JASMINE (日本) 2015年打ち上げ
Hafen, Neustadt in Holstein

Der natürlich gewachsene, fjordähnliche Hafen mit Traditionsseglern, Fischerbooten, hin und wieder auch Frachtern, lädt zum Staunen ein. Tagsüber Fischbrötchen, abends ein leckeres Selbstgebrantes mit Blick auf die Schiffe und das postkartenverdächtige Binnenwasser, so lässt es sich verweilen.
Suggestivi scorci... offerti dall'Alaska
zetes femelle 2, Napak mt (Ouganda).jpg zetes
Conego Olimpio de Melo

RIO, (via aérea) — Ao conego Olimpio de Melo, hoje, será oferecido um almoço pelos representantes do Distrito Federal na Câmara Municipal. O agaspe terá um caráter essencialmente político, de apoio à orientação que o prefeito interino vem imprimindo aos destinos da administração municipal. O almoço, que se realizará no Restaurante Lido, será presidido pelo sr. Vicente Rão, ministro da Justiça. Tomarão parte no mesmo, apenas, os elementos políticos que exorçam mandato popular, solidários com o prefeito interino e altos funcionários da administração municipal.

* * *

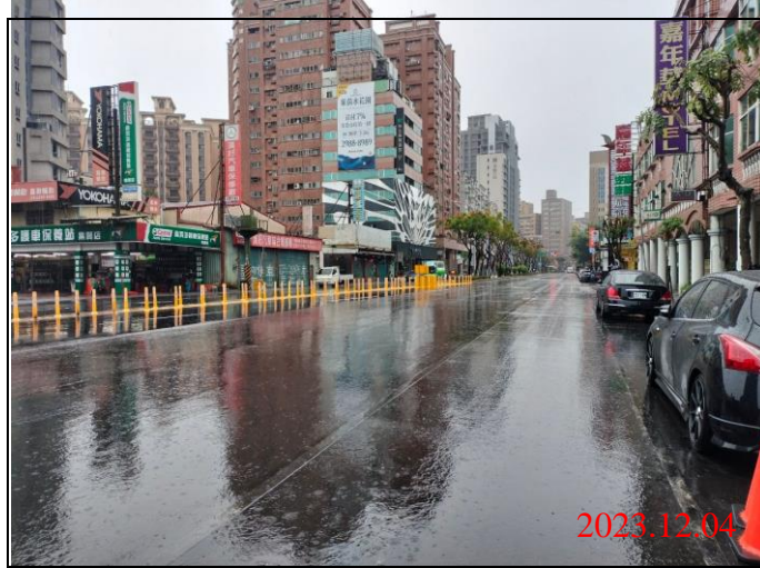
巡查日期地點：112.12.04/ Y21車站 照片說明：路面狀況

§ PROBLEM STATEMENT: Filter the data, keeping only the lines that contain "Hafen".

§ RESULT OF THIS TASK:
Hafen, Neustadt in Holstein
Der natürlich gewachsene, fjordähnliche Hafen mit Traditionsseglern, Fischerbooten, hin und wieder auch Frachtern, lädt zum Staunen ein. Tagsüber Fischbrötchen, abends ein leckeres Selbstgebrantes mit Blick auf die Schiffe und das postkartenverdächtige Binnenwasser, so lässt es sich verweilen.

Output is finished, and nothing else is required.